Efficiency curve (top-right) is the heart of the analysis. It rises quickly in the early days because you’re accumulating value faster than cost. Once the log value has decayed significantly, each additional day of retention costs more than it’s worth — so the curve bends down. The red dashed line marks $T^*$, the exact inflection you want to set your retention policy at.

Cumulative cost vs. value (mid-left) makes the crossover intuitive: as long as the green area grows faster than the red area, extending retention is a net positive.

Tier cost pie (mid-right) often surprises teams — despite Cold storage being the cheapest per GB, logs accumulate in that tier for the longest time, and it can still account for a significant slice of total spend.

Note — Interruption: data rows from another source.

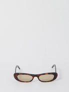 Tortoise brown Havana sunglasses. Narrow and elongated cat-eye acetate frame, with the Saint Laurent signature engraved on the temples.
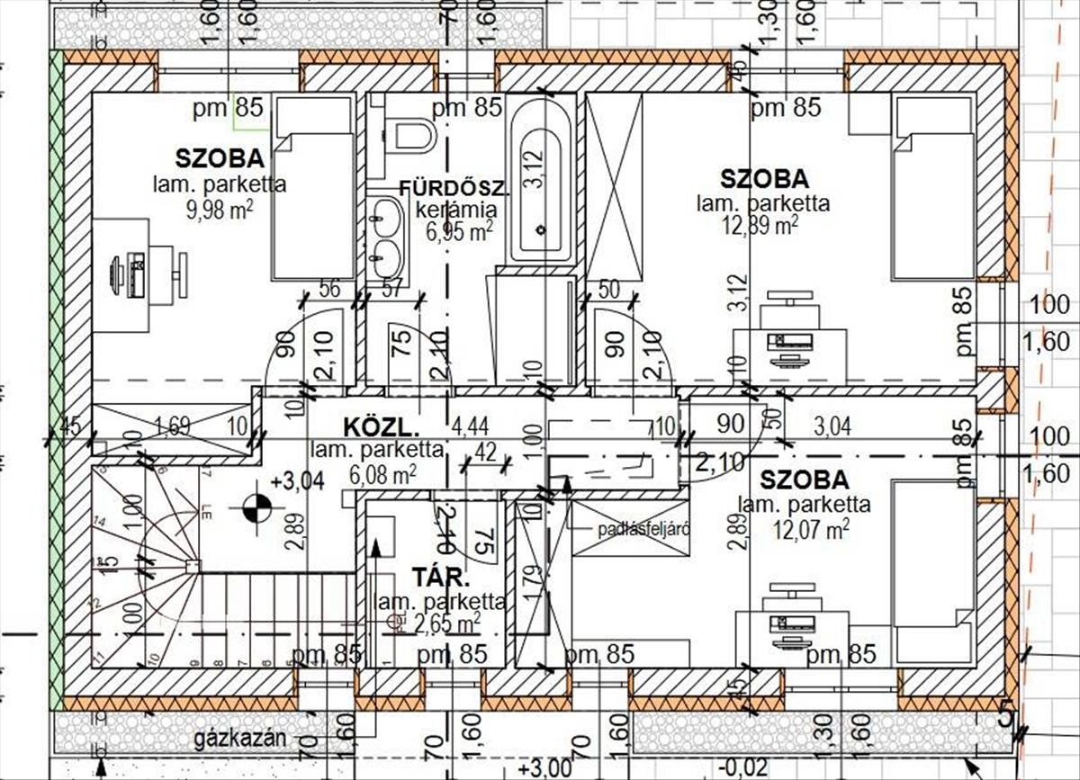 Hőellátás; fűtése: Kondenzációs gázkazán beépített, vagy különálló melegvíz-tárólóval. a fűtés rendszer padlófűtés szükség szerint kiegészítő radiátoros fűtésrendszerrel kerül kialakításra. a fürdőszobában a padlófűtés mellett 1 db törölköző szárítós radiátor kerül elhelyezésre.
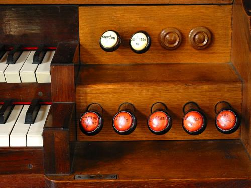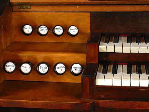Console - Description Fermée par un couvercle. Deux claviers, tirants de registres de part et d’autre sur deux niveaux : à gauche, registres du Grand-Orgue ; à droite, en haut, registres de la Pédale, en bas, registres du Récit.
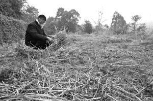“看看这些,都是被野猪刨掉的。”在自己种植水稻的梯田里,吴德西颇为伤感。田地里,枯死的稻秆成片堆着,有的还未成熟的稻穗趴在地上,这些都是被野猪破坏的。
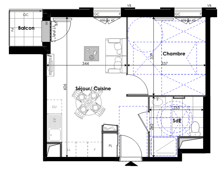 210 000€ Appt. T2 43.9m2 1er
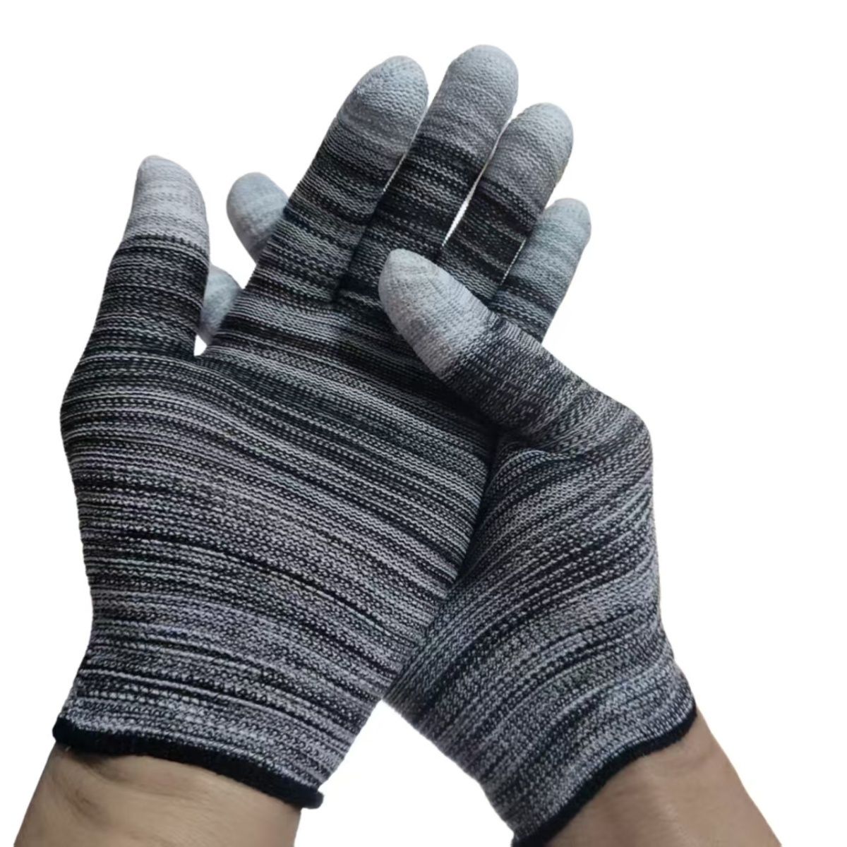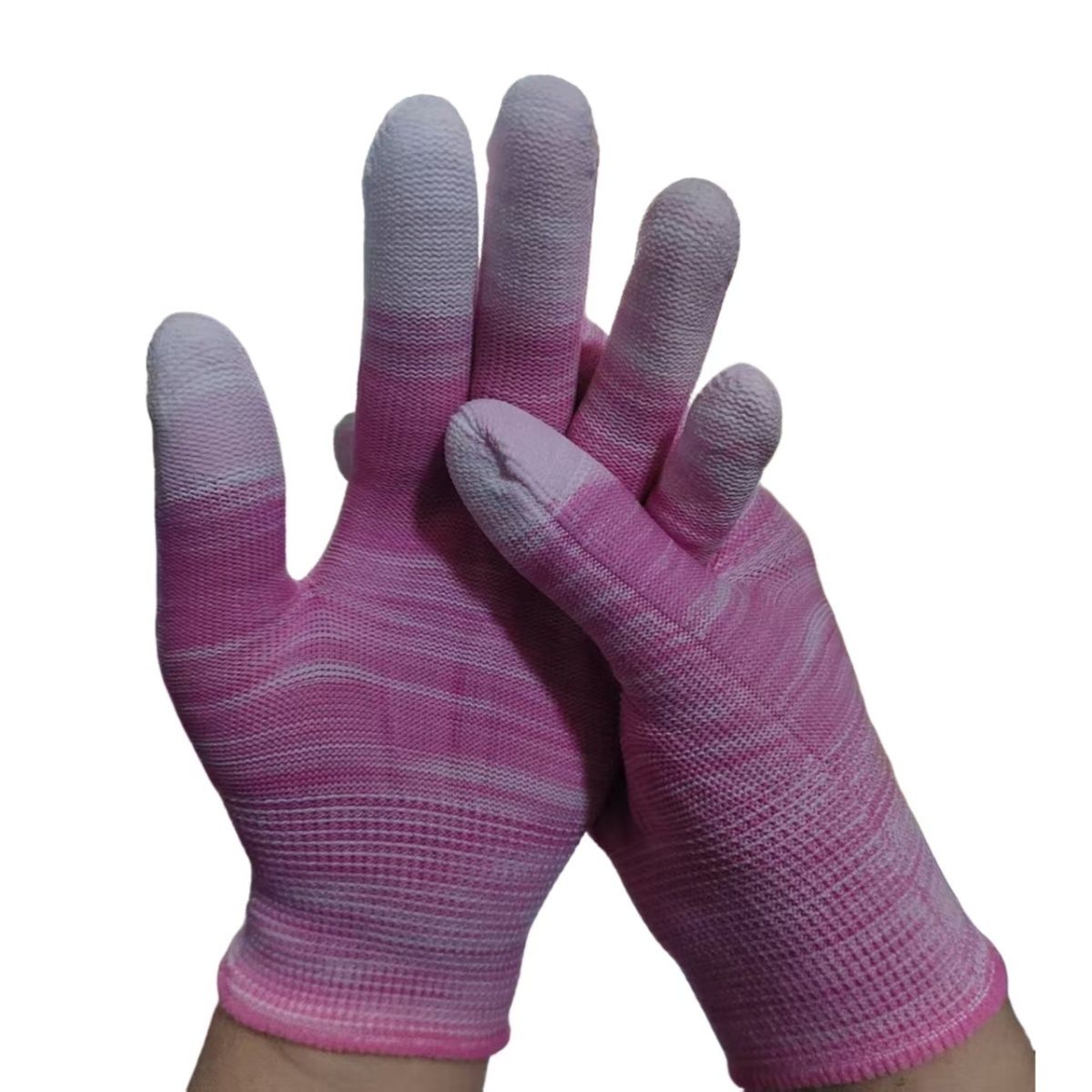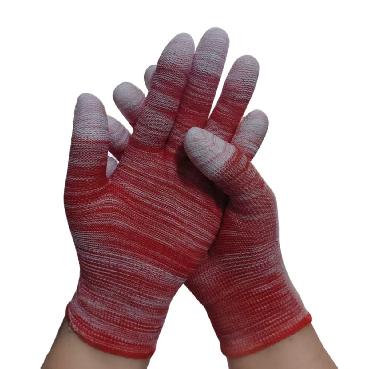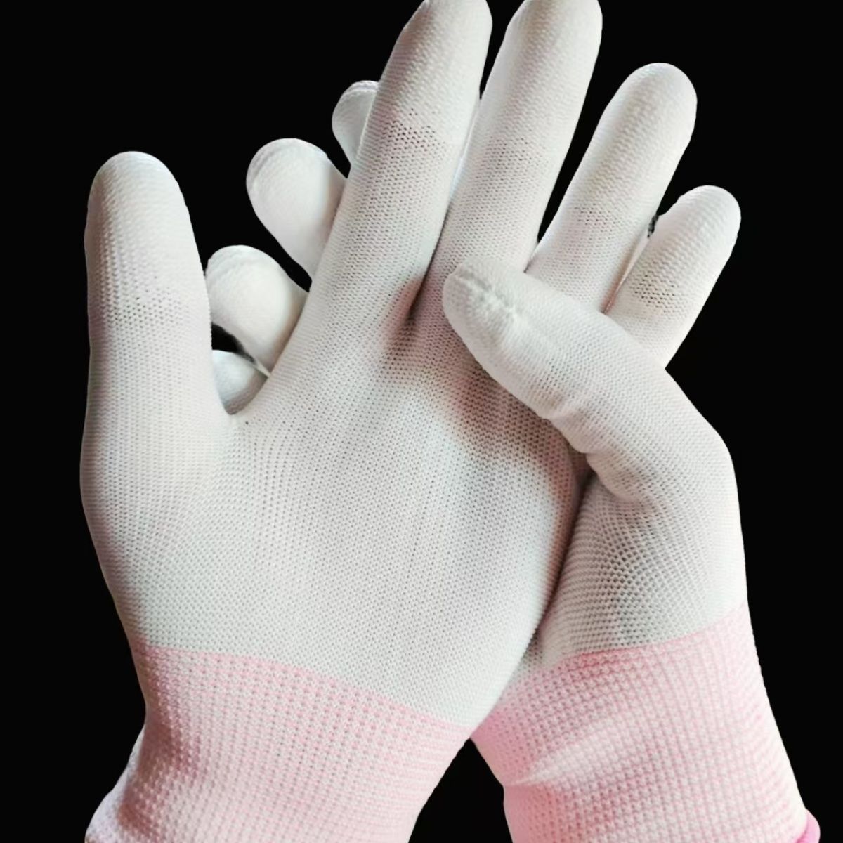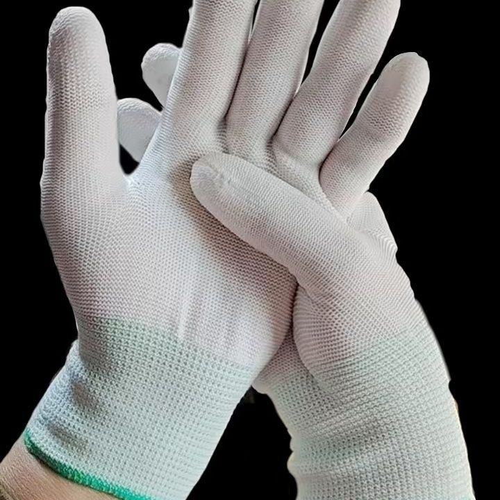 PU涂指手套尼龙压纹耐磨防滑涂胶防静电手掌手指带胶手套

3D optimal retention surface (bottom-left) is the most policy-relevant chart. It shows that:

  • Higher decay rates $\lambda$ → shorter optimal $T^*$ (logs lose value fast, so archive or delete sooner)
  • Higher log volume → doesn’t fundamentally shift $T^*$ because cost and value scale proportionally — the ratio stays similar

3D efficiency surface (bottom-right) complements this by showing that teams with rapidly decaying, low-volume logs actually achieve higher efficiency ratios — they can retain exactly what matters without paying for stale data.


Execution Results

✅ Optimal retention period : 90 days
   Peak efficiency (value/cost): 193.1498
   Cumulative cost at optimum : $0.22

Figure saved as log_retention_optimization.png

Key Takeaways

The math confirms what intuition suggests but makes it quantitative:

$$T^* = \arg\max_{T \geq T_{\min}} \frac{\int_0^T V_0 e^{-\lambda t},dt}{\int_0^T r(t)\cdot p(t),dt}$$

Once you parameterize $\lambda$ from your own access logs (how often do engineers actually open a 90-day-old log?) and plug in real storage pricing, this framework gives you a defensible, data-driven retention policy — not just a round number someone picked years ago.